Mechanism of RNA-Methylation by Methyltransferases

All RNA:MTases proceed with direct or indirect transfer of a methyl group to a target atom resulting in C-methylation, O-methylation, or N-methylation. In the great majority of cases, the methyl group is derived from S-adenosyl-L-methionine (AdoMet/SAM) (Fig. 4b), and the reaction looks like an SN2 displacement mechanism involving attack of a nucleophile from the RNA substrate on the electrophilic methyl group of SAM with concomitant release of S-adenosyl-L-homocysteine (AdoHcy). A wide variety of mechanisms have evolved to activate the catalytic nucleophile atom dependent on its chemical properties. On one hand, due to their intrinsic nucleophilic character, methylations at N and O atoms involve a direct transfer of the methyl group, which can require a proton removal before, concurrent with, or after methyl transfer.

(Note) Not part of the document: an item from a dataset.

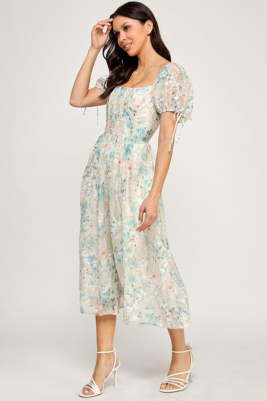 Floral Puff Sleeve Midi Dress With Smocked Back
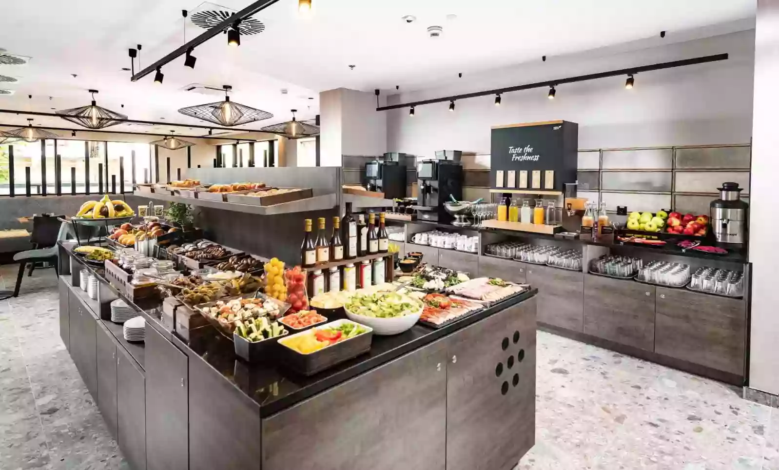 מסעדת המלון מציעה מזנון ארוחת בוקר בינלאומי באווירה של אור יום טבעי המשקיף על הטרסות המעוצבות והגינה הפנימית של הבניין.

The AdoMet conformation is also crucial to the mechanism of methyl transfer, which necessarily involves the precise juxtaposition of the electrophilic methyl group with a nucleophilic target atom. On the other hand, the sp2-hybridized carbons display electrophilic rather than nucleophilic character, preventing a direct transfer mechanism for C-methylations. In these cases, two strategies have evolved: either a two electron transfer reaction via a two-state mechanism with formation of a covalent enzyme–RNA intermediate, or a one electron transfer mechanism involving intermediate methylation of a cysteine residue.

Figure 4

Fig. 4. Proposed mechanisms for N- and O-methylation reactions. a) N-methylation of guanine catalyzed by Trm5 (adapted from [43]). Proton abstraction by glutamate residue acting as general base yields deprotonated guanine with electron density shifted to O6 stabilized by the positively charged arginine residue. Nucleophilic attack on AdoMet by deprotonated N1 then leads to product formation. b) Chemical structure of AdoMet and its schematic representation. c) Schematic diagram of the active site of vaccinia virus mRNA cap N7-MTase (adapted from [45]) with putative interactions with AdoMet and cap (GTP) during methyl transfer reaction. Dashed lines indicate potential hydrogen bonds. Residues Tyr555 and Phe556 are located in the N-terminal lid peptide. d) 2′-O-methylation: proposed catalytic mechanism of nsp10 (adapted from [47]). The ε-amino group of the catalytic Lys, deprotonated by the concerted action of Glu and Lys residues, activates the 2′-OH group, which in turn can attack the electrophilic AdoMet methyl group. e) Chemical structure of the metal ion coordinated by the two OH groups of RNA substrate and four amino acid side chains in Hen1 active site (adapted from [51]).

Catalysis Strategies

These few examples highlight the great diversity of catalytic scenarios.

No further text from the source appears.